Using the listing below, give again exactly the lines from the line with "Abbildung 1 1" to the line with "イロハモミジの花と果実 (プロペラ形です)", inclusive, without the pictures.

▸ Records for the exercise:
+ + +

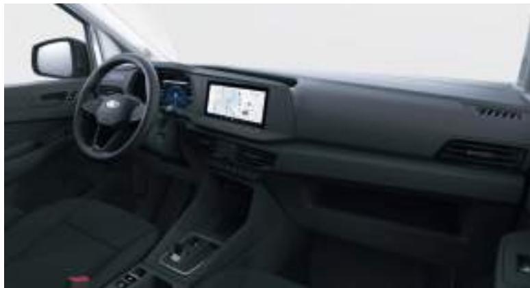
Nowy Ford Transit Connect ze skrzynią automatyczną i tapicerką materiałową (standard)
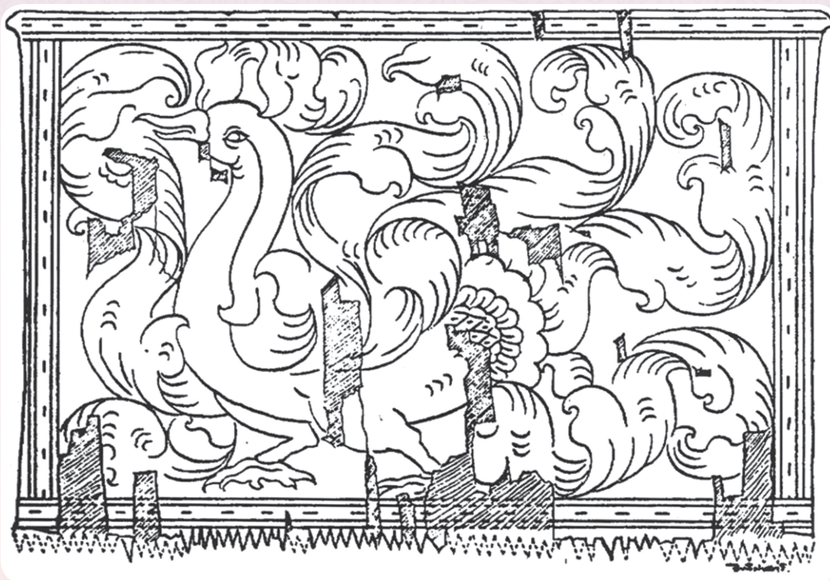
ภาพที่ ๒ หวังาช้าง
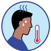
Fièvre ou frissons

Si le symptôme est causé par une maladie existante, répondez « non », à moins que le symptôme soit nouveau ou différent, ou qu'il s'aggrave.
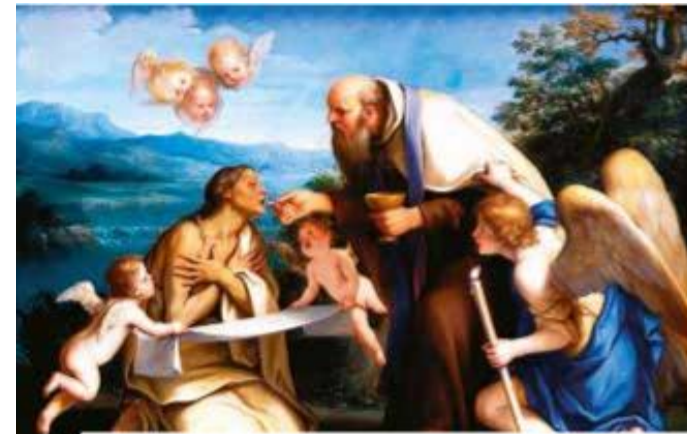
Marcantonio Franceschini „Poslední přijímání sv. Marie Egypt'anky“ /1690/
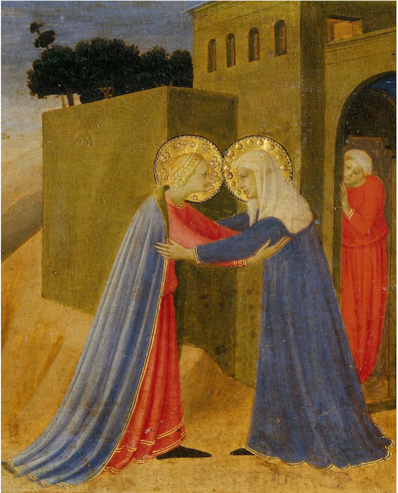
Visitation, Fra Angelico
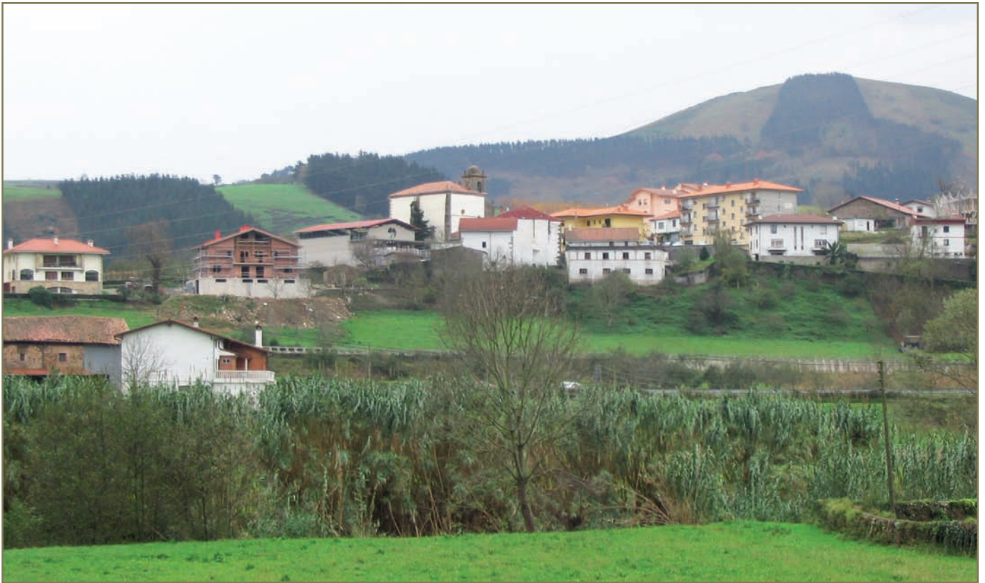
1.4. irudia. Oikia Dornutegitik.
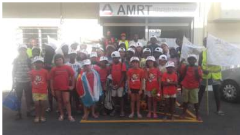
Figura 12 – Grupo UBUNTU SUMMER CAMP 2018

Ficou a vontade de voltar para ano, pois o campo de férias de verão já se tornou uma referência na freguesia e a procura por parte dos encarregados de educação tem vindo a aumentar, prova disso é a extensa lista de inscrições que faz com que algumas crianças, infelizmente, tenham que ficar de fora.
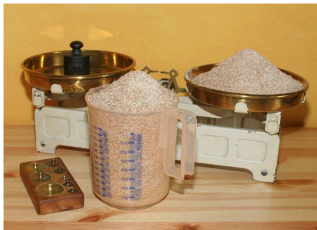
Abbildung 1 1 Kilogramm Mehl im Messbecher und 0,5 Kilogramm auf der Waage; das ist die Menge an Zusatzstoffen, die jeder Bürger im Jahr zu sich nimmt

Unsere heutigen Nahrungsmittel sind zu 80 Prozent industriell verarbeitet. Der Arzt Dr. Markus Pfisterer sagt, dass im Durchschnitt jeder Bürger pro Jahr 1,5 Kilogramm an Zusatzstoffen zu sich nimmt. 1,5 Kilogramm! Das sind über 4 Gramm am Tag an Zusatzstoffen, die man eigentlich nicht bräuchte. Dazu zählen Aromen, Farbstoffe, Mundföhlregulatoren, Geschmacksverstärker, Konservierungsstoffe oder Stabilisatoren.
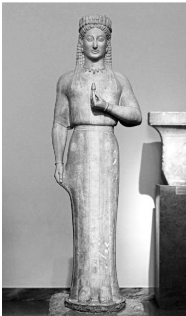
(Fig. 7) Frasiclea, Museo Arqueológico de Atenas n. 4889
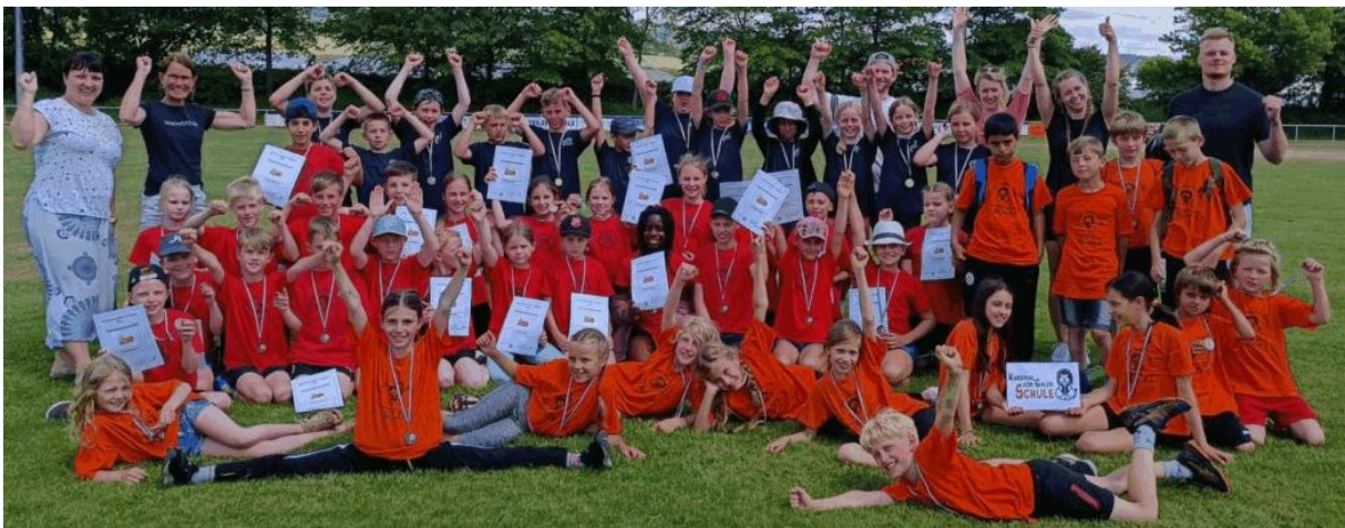
Teilnehmer aus dem Kreis Gütersloh beim Bezirksfinale 2023 in Bad Salzuflen
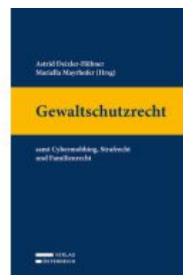
Gewaltschutzrecht Ladenpreis: 89,00EUR
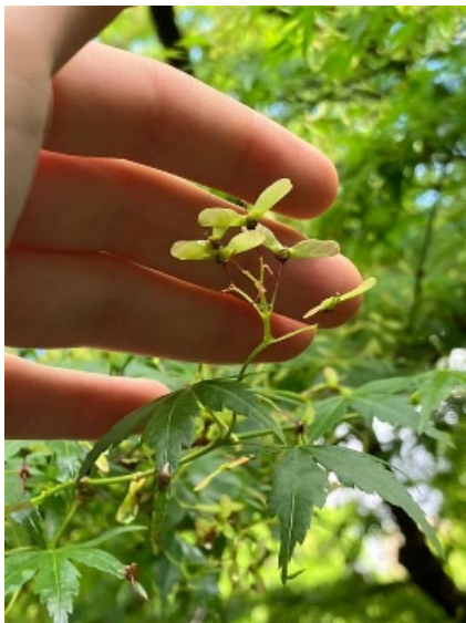
イロハモミジの花と果実 (プロペラ形です)
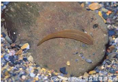
NO. 22 シマイシル
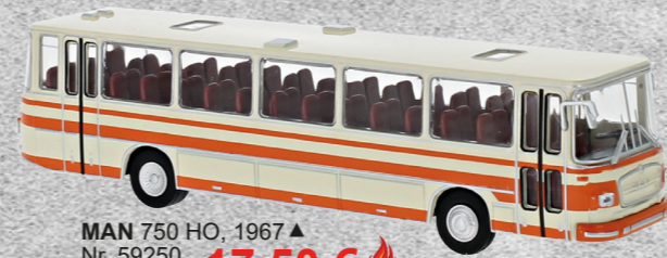
MAN 750 HO, 1967 ▲ Nr. 59250 17.50 € 🔥
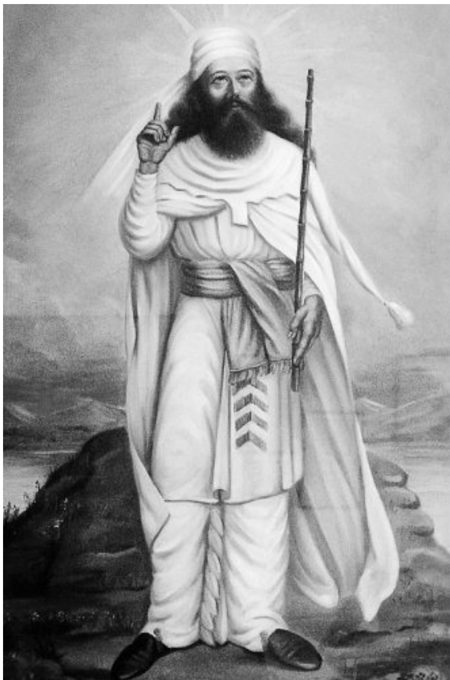
Илл. 3. Заратуштра провозглашает принципы благой жизни

Если из средиземноморского ареала мы двинемся на Восток, к иным культурам и иным религиям, то и здесь обнаружим ту же формулу. В Дхаммападе, сборнике буддийских изречений, есть такая рекомендация: «Как он поучает другого, так пусть поступает и сам» 6 . А в еще более древнем источнике – «Махабхарате» можно отыскать такое наставление: «Те поступки других, которые человек для себя не желает, что самому неприятно, пусть не делает другим людям» 7 .
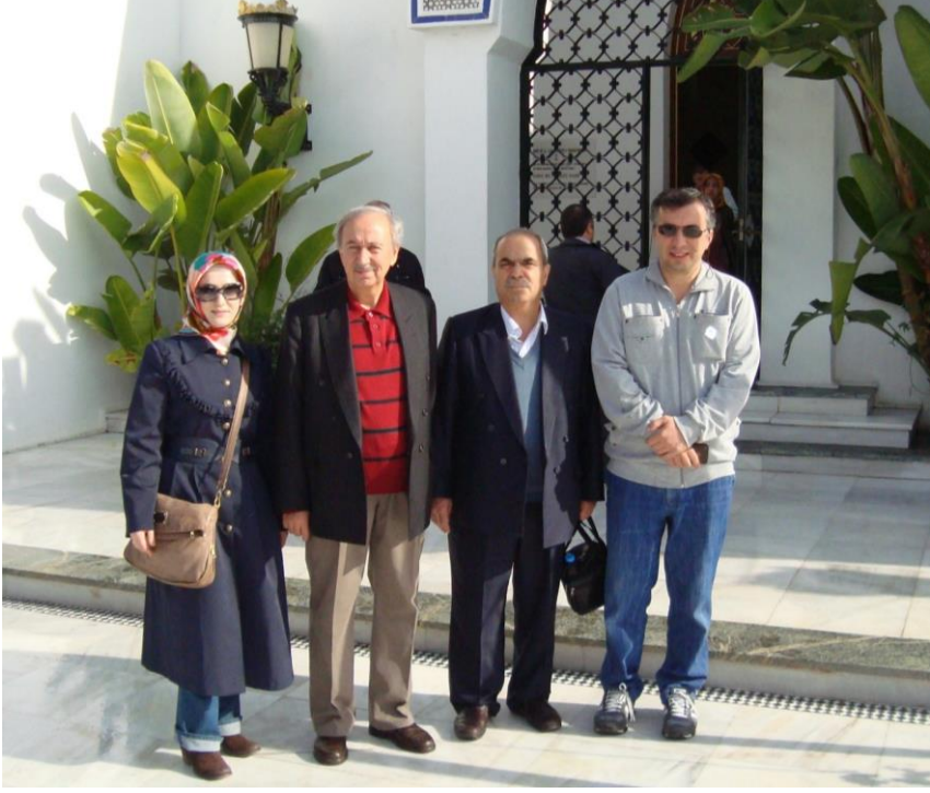
İspanya-Marbella, Kral Abdülaziz Camii (8 Aralık 2011)
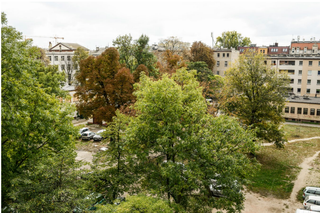
Przykład zieleni wysokiej zachowanej na jednym z podwórz na Przedmieściu Oławskim.

Zgodnie z ww. dokumentem w procesie planowania inwestycji należy dążyć do zachowania istniejącego drzewostanu. Kiedy nie jest to możliwe, należy wyrównać stratę drzew „dla których decyzja administracyjna nie ustaliła obowiązku wykonania nasadzeń zastępczych lub kompensacyjnych”. W zarządzeniu zapisano również, że „liczba nasadzeń wyrównujących jest zależna od przyczyny usunięcia, wskaźników obwodów pni i lokalizacji drzew usuwanych oraz lokalizacji nasadzeń wyrównujących.”
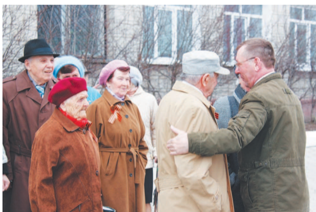
За мир благодарим.
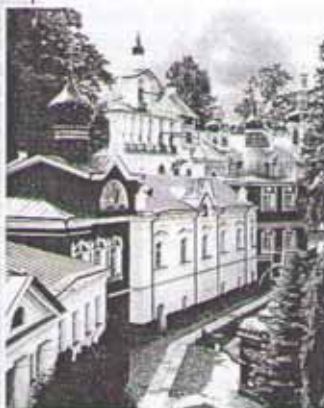
Монастырь — образ Царствия Божия на земле

И горожане, и князья стали зазывать монахов к себе: «Вы вернитесь из ваших пустынь. Мы построим для вас храмы и дома, вокруг них построим стены, чтобы шум и вид городской суеты не касался вас. Но
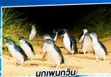
นกเพนกวิน
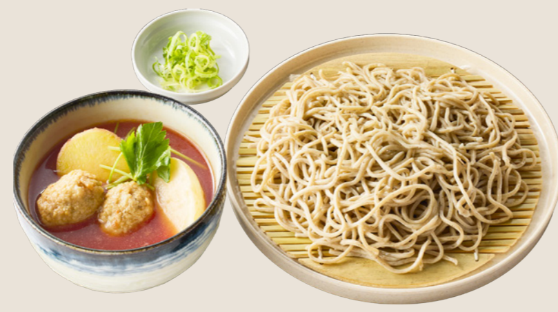
とりつくねと素揚げ野菜の トマトつけ汁そば ¥990
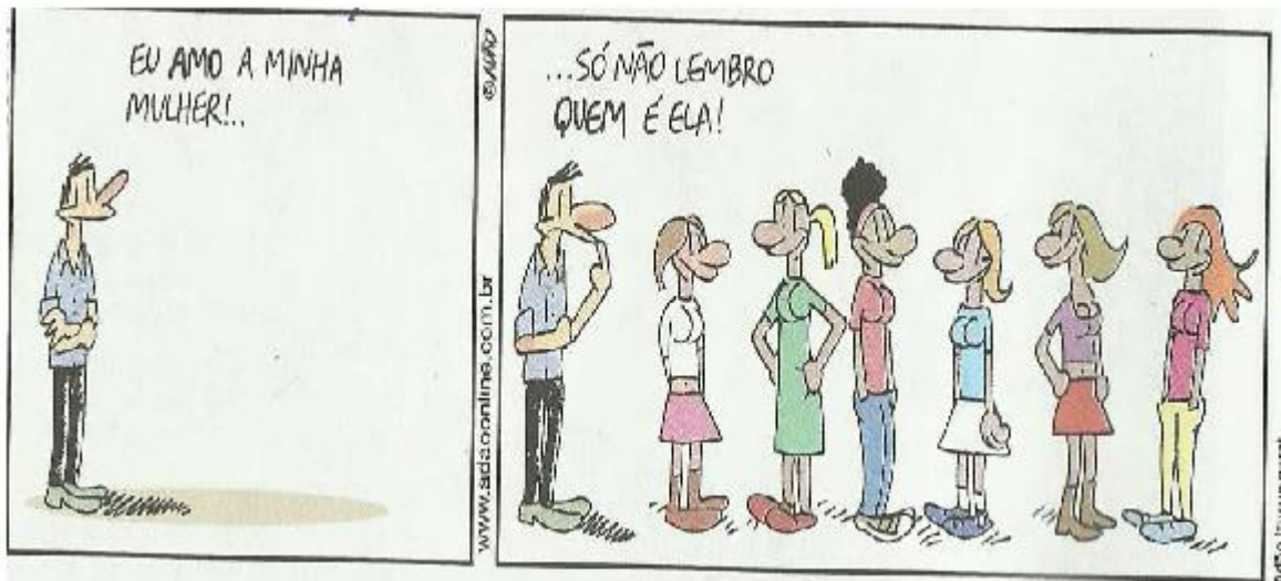
Imagem 07: tirinha

Fonte: Sette et al , v. 03, 2013, p. 56.
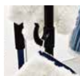
センターシャフト用フック
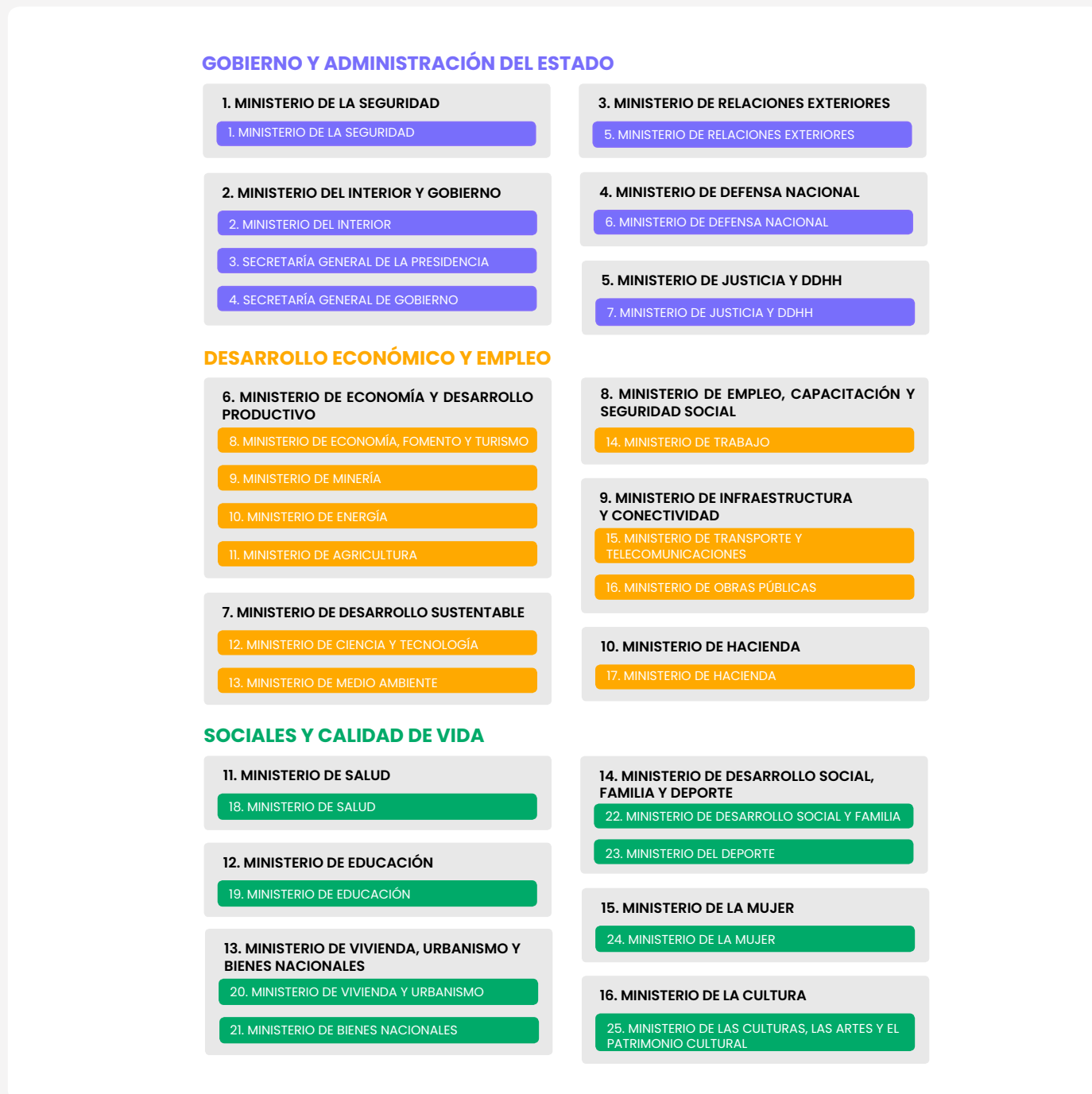
Figura 1: Propuesta de reorganización ministerial
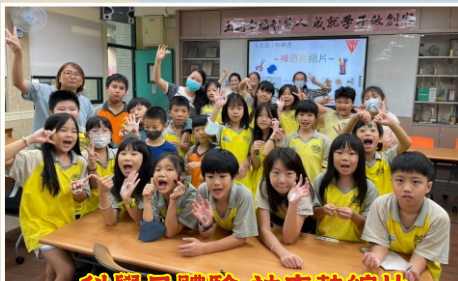
科學日體驗-神奇熱縮片
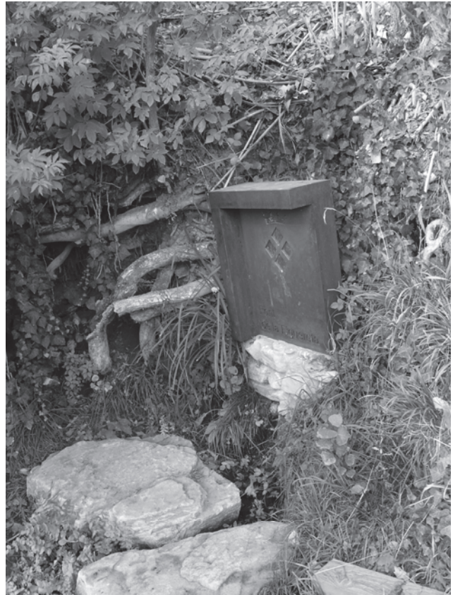
Foto 1. Font de la Figuera.

La font que jo sé no la trobaríeu: és al mig del bosc, al peu d'una alzina. Si hi passeu a prop, ella us cridaria; si no m'hagués cridat, jo no la sabria. Anava pel món de nit i de dia; allí on anava jo, ben poc ho sabia. Quan la vaig trobar, tot jo m'hi delia. Ella me'n va dir, ella me'n diria: -L'anar món enllà no et darà alegria, si et quedes aquí, jo sóc l'aigua viva.
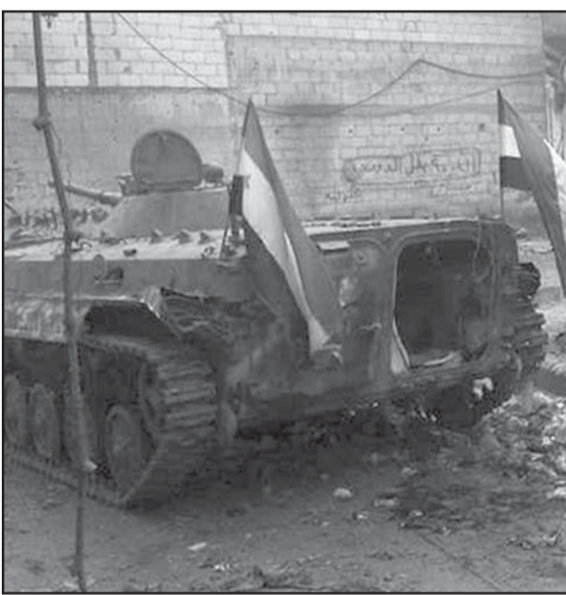
الجيش السوري الحر بدأ يصعد هجماته ضد قوات النظام رغم قلة امكاناته.

+ + +

▸ Answer for this exercise:
Abbildung 1 1 Kilogramm Mehl im Messbecher und 0,5 Kilogramm auf der Waage; das ist die Menge an Zusatzstoffen, die jeder Bürger im Jahr zu sich nimmt

Unsere heutigen Nahrungsmittel sind zu 80 Prozent industriell verarbeitet. Der Arzt Dr. Markus Pfisterer sagt, dass im Durchschnitt jeder Bürger pro Jahr 1,5 Kilogramm an Zusatzstoffen zu sich nimmt. 1,5 Kilogramm! Das sind über 4 Gramm am Tag an Zusatzstoffen, die man eigentlich nicht bräuchte. Dazu zählen Aromen, Farbstoffe, Mundföhlregulatoren, Geschmacksverstärker, Konservierungsstoffe oder Stabilisatoren.
(Fig. 7) Frasiclea, Museo Arqueológico de Atenas n. 4889
Teilnehmer aus dem Kreis Gütersloh beim Bezirksfinale 2023 in Bad Salzuflen
Gewaltschutzrecht Ladenpreis: 89,00EUR
イロハモミジの花と果実 (プロペラ形です)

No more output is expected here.